Required work:
Reproduce, please, the line that holds "山泽超六类水晶头【超六类【万兆】50个/盒】工程级网络连接器 RJ45带屏蔽电脑8p8c网线接头 Cat6a两件式接头" and all later lines through the end of the entries below, exactly; omit pictures.

-------- Data to examine --------

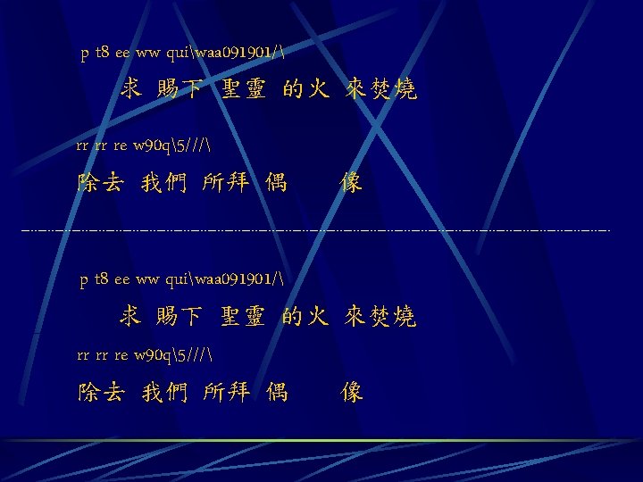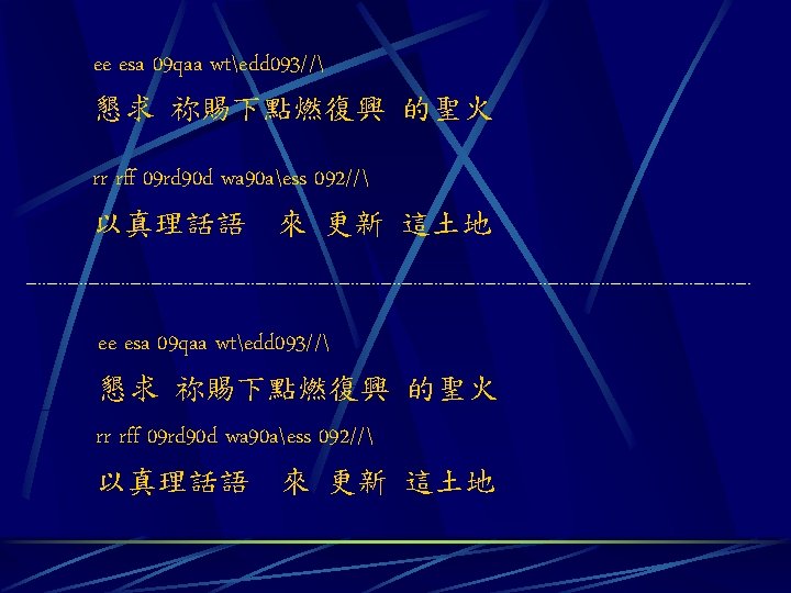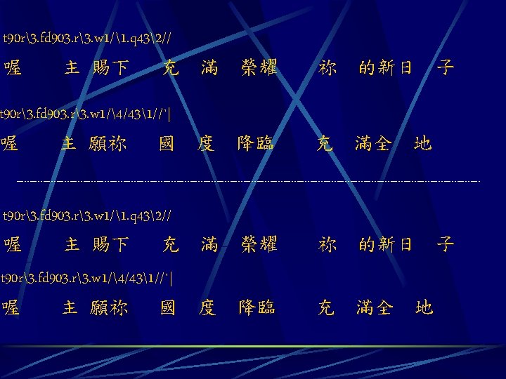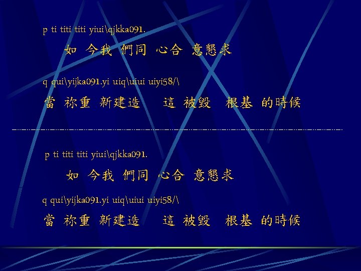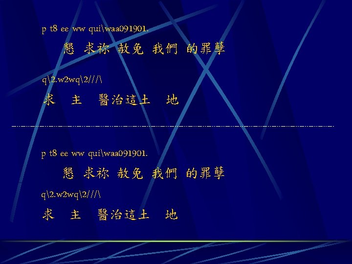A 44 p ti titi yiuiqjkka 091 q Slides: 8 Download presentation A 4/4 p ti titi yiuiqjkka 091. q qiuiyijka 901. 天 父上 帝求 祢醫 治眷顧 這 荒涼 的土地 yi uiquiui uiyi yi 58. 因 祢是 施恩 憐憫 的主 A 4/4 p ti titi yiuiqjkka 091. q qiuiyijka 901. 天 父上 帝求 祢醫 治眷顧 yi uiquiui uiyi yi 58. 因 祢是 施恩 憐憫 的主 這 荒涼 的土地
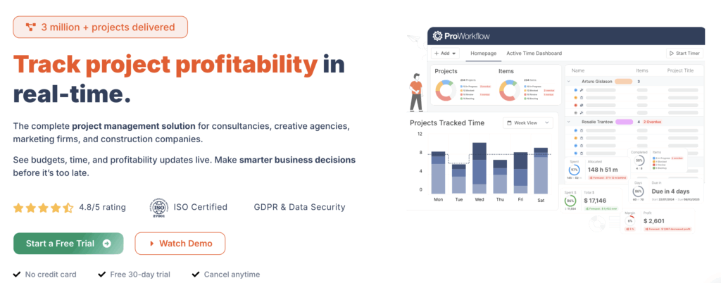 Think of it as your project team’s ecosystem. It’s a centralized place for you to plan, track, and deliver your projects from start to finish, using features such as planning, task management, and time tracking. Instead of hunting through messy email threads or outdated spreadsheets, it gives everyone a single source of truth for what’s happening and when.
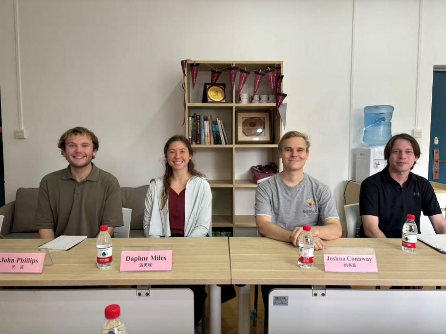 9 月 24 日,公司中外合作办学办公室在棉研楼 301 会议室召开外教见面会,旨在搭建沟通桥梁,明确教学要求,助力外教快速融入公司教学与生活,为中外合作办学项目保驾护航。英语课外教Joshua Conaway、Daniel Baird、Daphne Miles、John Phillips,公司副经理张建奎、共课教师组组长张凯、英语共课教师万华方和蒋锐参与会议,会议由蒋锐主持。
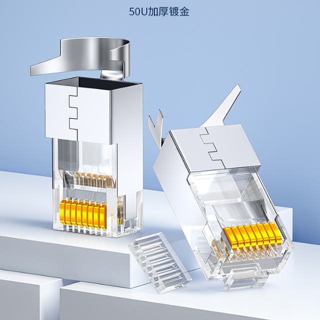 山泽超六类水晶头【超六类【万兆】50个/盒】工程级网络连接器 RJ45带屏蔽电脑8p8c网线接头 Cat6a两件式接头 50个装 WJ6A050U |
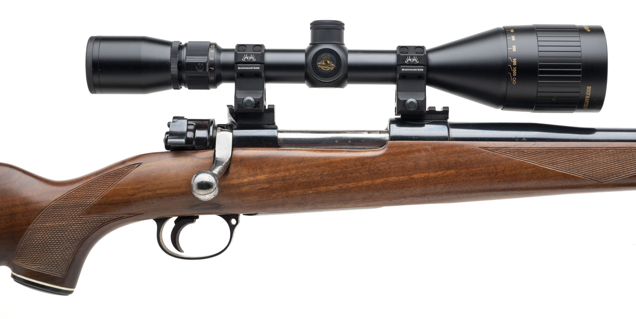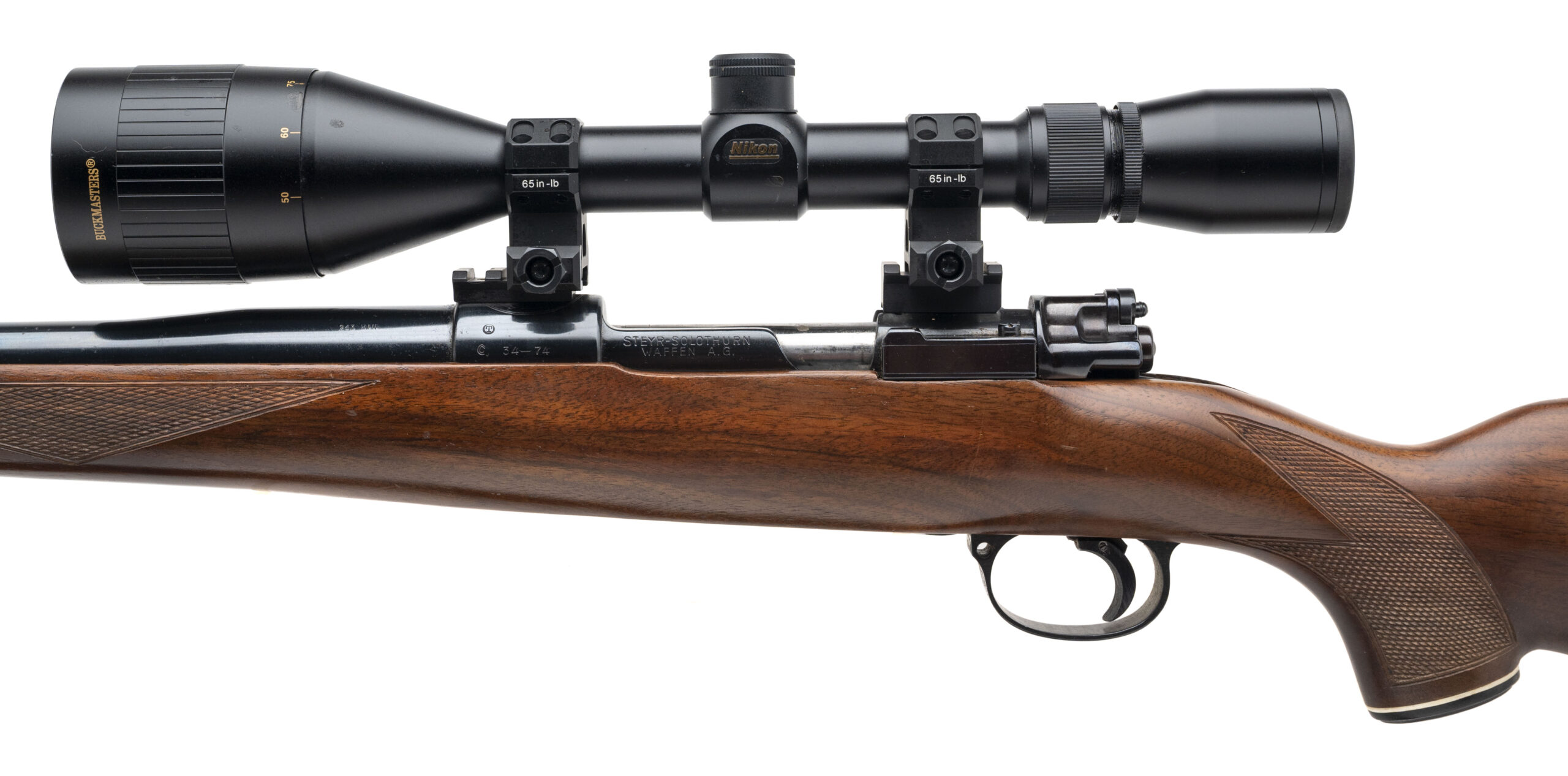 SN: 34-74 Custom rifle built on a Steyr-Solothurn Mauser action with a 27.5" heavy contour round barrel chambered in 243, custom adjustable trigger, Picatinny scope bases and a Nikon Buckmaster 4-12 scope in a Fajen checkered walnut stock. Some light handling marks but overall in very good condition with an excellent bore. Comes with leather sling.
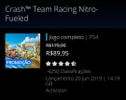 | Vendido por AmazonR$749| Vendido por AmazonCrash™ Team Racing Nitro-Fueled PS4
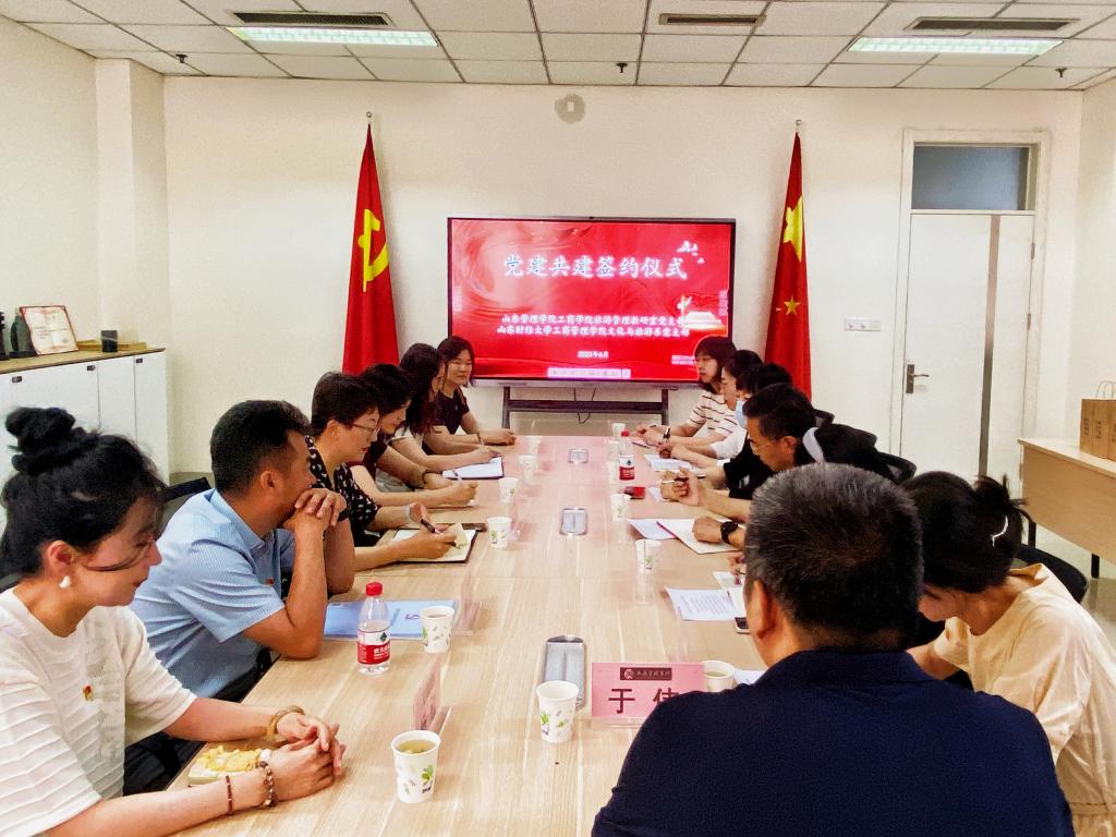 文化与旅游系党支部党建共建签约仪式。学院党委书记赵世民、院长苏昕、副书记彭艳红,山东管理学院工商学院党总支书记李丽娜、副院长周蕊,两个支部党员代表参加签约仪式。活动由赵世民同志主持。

--------

Reply to the exercise:
 山泽超六类水晶头【超六类【万兆】50个/盒】工程级网络连接器 RJ45带屏蔽电脑8p8c网线接头 Cat6a两件式接头 50个装 WJ6A050U |
 SN: 34-74 Custom rifle built on a Steyr-Solothurn Mauser action with a 27.5" heavy contour round barrel chambered in 243, custom adjustable trigger, Picatinny scope bases and a Nikon Buckmaster 4-12 scope in a Fajen checkered walnut stock. Some light handling marks but overall in very good condition with an excellent bore. Comes with leather sling.
 | Vendido por AmazonR$749| Vendido por AmazonCrash™ Team Racing Nitro-Fueled PS4
 文化与旅游系党支部党建共建签约仪式。学院党委书记赵世民、院长苏昕、副书记彭艳红,山东管理学院工商学院党总支书记李丽娜、副院长周蕊,两个支部党员代表参加签约仪式。活动由赵世民同志主持。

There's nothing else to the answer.